■ **PROBLEM DETAILS**:
Your task is to retype, exactly and without pictures, the line holding "Ručně vyráběný sněhulák" and each line that follows it to the end of the entries.

Collection entries:
========================
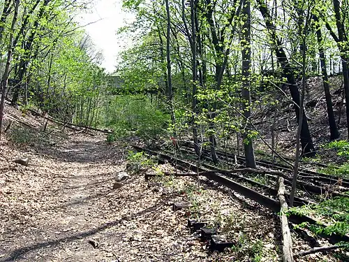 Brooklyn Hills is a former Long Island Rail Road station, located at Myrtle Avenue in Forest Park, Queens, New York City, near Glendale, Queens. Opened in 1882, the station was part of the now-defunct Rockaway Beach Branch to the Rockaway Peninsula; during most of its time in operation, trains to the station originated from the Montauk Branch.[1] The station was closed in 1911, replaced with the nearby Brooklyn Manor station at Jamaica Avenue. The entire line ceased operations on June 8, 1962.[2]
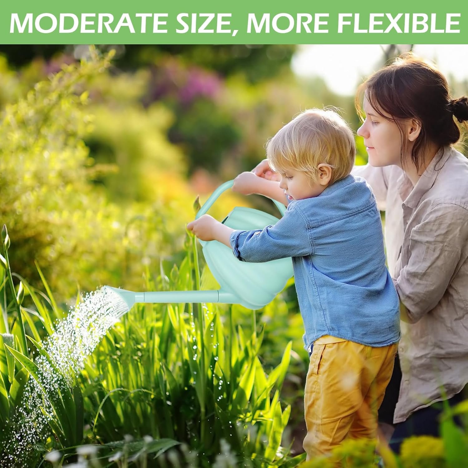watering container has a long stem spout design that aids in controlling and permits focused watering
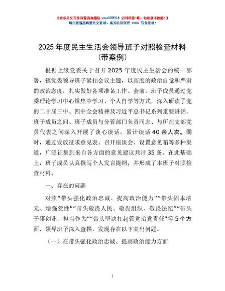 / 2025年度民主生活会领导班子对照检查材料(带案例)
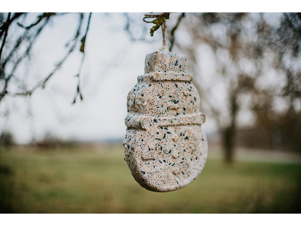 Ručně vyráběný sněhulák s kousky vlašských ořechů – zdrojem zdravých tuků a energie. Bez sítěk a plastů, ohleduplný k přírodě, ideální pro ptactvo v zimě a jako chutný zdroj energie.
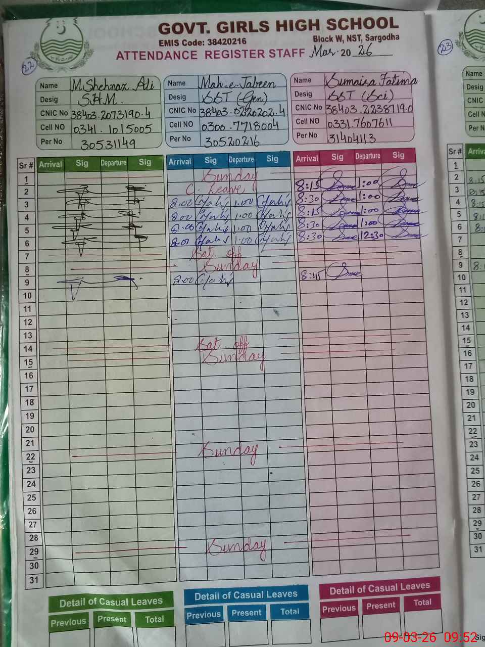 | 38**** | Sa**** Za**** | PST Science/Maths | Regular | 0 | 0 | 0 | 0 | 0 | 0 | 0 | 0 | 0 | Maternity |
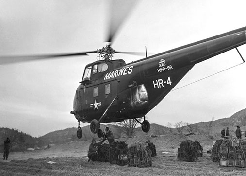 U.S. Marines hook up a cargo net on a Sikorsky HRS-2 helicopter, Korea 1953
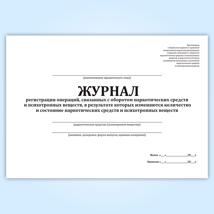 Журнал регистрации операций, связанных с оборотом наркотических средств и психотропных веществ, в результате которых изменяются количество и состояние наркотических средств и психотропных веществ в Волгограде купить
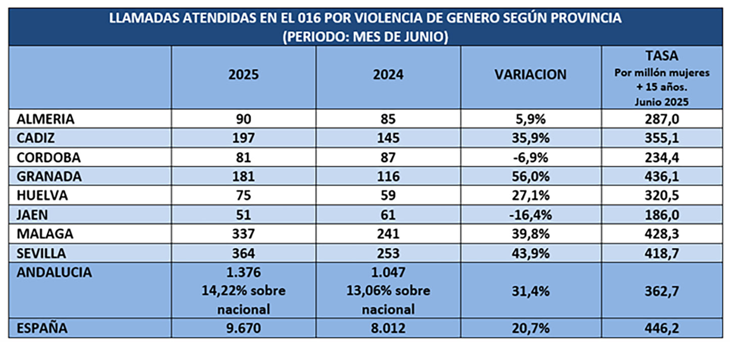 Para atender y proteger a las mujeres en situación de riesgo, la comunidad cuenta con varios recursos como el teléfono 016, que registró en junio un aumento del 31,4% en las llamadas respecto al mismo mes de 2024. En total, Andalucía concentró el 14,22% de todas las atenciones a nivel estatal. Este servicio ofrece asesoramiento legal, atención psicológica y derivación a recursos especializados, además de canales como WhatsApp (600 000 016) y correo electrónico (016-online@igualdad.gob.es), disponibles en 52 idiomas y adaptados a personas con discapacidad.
========================
■ **EXERCISE RESULT**:
 Ručně vyráběný sněhulák s kousky vlašských ořechů – zdrojem zdravých tuků a energie. Bez sítěk a plastů, ohleduplný k přírodě, ideální pro ptactvo v zimě a jako chutný zdroj energie.
 | 38**** | Sa**** Za**** | PST Science/Maths | Regular | 0 | 0 | 0 | 0 | 0 | 0 | 0 | 0 | 0 | Maternity |
 U.S. Marines hook up a cargo net on a Sikorsky HRS-2 helicopter, Korea 1953
 Журнал регистрации операций, связанных с оборотом наркотических средств и психотропных веществ, в результате которых изменяются количество и состояние наркотических средств и психотропных веществ в Волгограде купить
 Para atender y proteger a las mujeres en situación de riesgo, la comunidad cuenta con varios recursos como el teléfono 016, que registró en junio un aumento del 31,4% en las llamadas respecto al mismo mes de 2024. En total, Andalucía concentró el 14,22% de todas las atenciones a nivel estatal. Este servicio ofrece asesoramiento legal, atención psicológica y derivación a recursos especializados, además de canales como WhatsApp (600 000 016) y correo electrónico (016-online@igualdad.gob.es), disponibles en 52 idiomas y adaptados a personas con discapacidad.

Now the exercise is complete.